La bauta, la “muta” e le belle statuine
domenica 20 febbraio 2011
Tra poco sarà Carnevale. O meglio, a dire il vero, dovremmo già esserci dentro poiché, stando al calendario canonico l’inizio avviene sette domeniche prima di Pasqua, ma il clou, stando ai programmi, dovrebbe iniziare con la prossima domenica.
Come al solito si prevedono frotte di turisti che piomberanno in città, soprattutto per vedere le maschere. Già, le maschere… Da un po’ di anni a questa parte se ne vedono sempre di meno tanto che quei pochi che decidono di travestirsi, indipendentemente dalla qualità del costume, sono regolarmente accerchiati da stormi di fotografi assetati di scatti da riportare a casa per mostrare la Venezia che ci si immagina.

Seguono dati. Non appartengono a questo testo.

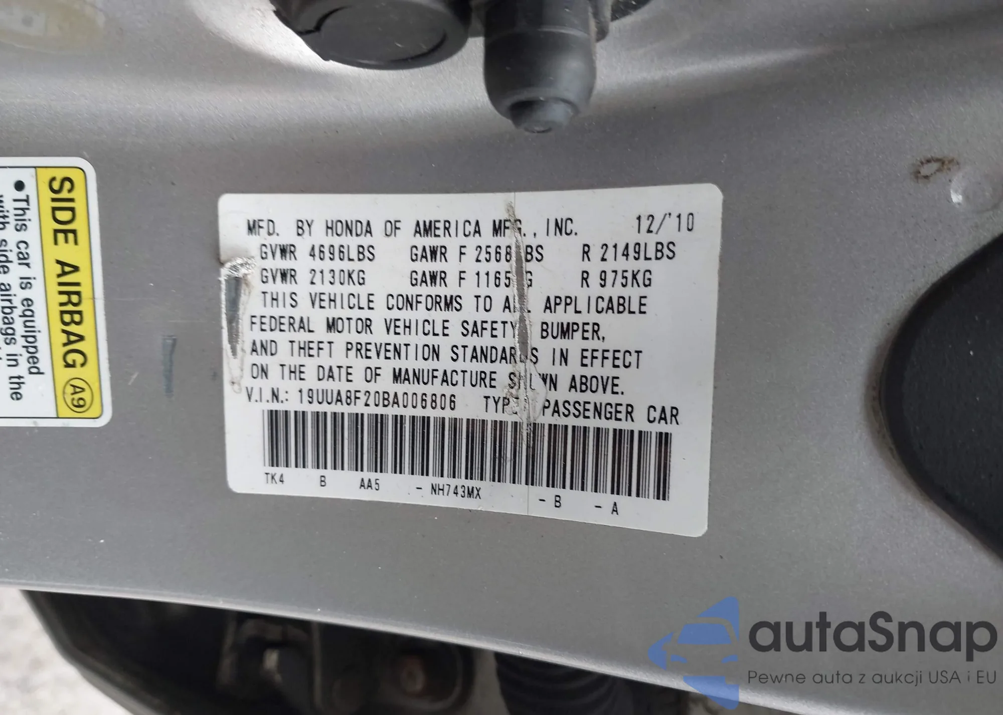 • VIN 19UUA8F20BA006806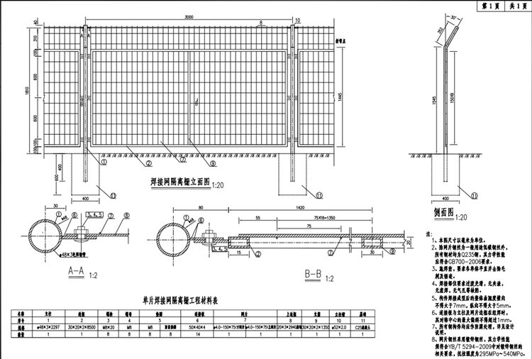 2、焊接网隔离栅除网片钢丝为一般用途低碳钢丝外,所有钢材均为Q235钢,其力学性能应符合GB700-2006要求。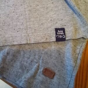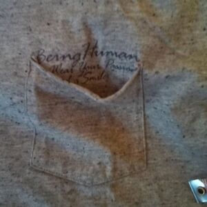 Nice gray speckled long sleeve V neck T shirt V has raw edges small chest pocket says " Being human wear your passion spread a smile" Logos on back and hem. appears to be in excellent like new condition but the material tag is missing size M measures 20" pit to pit 26" long Salman Kahn unisex

Eppure, non è sempre stato così, anzi! Senza scomodare i fastosi e scatenati Carnevali narrati da Goldoni o riportati dalle antiche cronache, basta tornare indietro di una trentina d’anni, era il 1979, per vivere una vera e propria rinascita di questa festa che era andata a spegnersi sempre più rimanendo confinata al mondo dei ragazzini o a qualche festa snob. Per una incredibile quanto unica, e a mio avviso tuttora misteriosa, sinergia di eventi, volontà e passaparola, il Carnevale esplose: bisogna aver vissuto quei giorni per avere un’idea di cos’era il Carnevale di Venezia! Praticamente la città intera si era mascherata, ma non per imposizione, bensì per libera scelta, per puro gusto del divertimento fine a se stesso: girotondi improvvisati attorno ad un fuoco, orchestrine estemporanee decise lì per lì da gruppi di amici, alle quali senza problemi altri si aggregavano. Ma la contaminazione non si limitava a questo, bensì era penetrata un po’ dappertutto: nei negozi, dove commessi e clienti erano mascherati, nei luoghi della cultura, addirittura in taluni uffici. Celebre fu la notizia dell’orchestra della Fenice (all’epoca ancora intatta e gloriosa) che, in segreto, andò a suonare una serenata sotto le finestre del Sovrintendente, le Danze Macabre sulle note dei Carmina Burana e le tante, tantissime rappresentazioni teatrali. Le calli erano letteralmente intasate, ma non c’erano problemi: tutti si divertivano lo stesso, perché c’era la voglia di divertirsi. Chi poteva si travestiva, secondo il proprio gusto e le proprie (talvolta mancate) ispirazioni: scatenate Bande Bassotti, coppie di Blues Brothers che si incontravano guardandosi stupite, vampiri, licantropi, ma anche Dogi, cavalieri medievali con tanto di spada e armatura, cicisbei e dame di ogni epoca. Ma c’erano anche coloro che avevano centrato lo spirito del Carnevale, creando maschere e quadretti spiritosi e arguti: dai provocatori organi riproduttivi di Spiller e Lovato, al camuffamento da San Teodoro, il Tòdaro della colonna, con tanto di drago tra le gambe o da Gioconda che, inquadrata da una massiccia cornice, strizzava l’occhio al buon Leonardo che, in quel momento, la stava dipingendo. Oppure imperterriti gentiluomini in completo fumo-di-Londra e Financial Times tra le mani con un’improbabile scolapasta a guisa di cappello, Omini Michelin, Enrichi VIII con mogli appresso, Caterine Cornaro e boia neri con tanto di scure in mano. E i fotografi impazzavano.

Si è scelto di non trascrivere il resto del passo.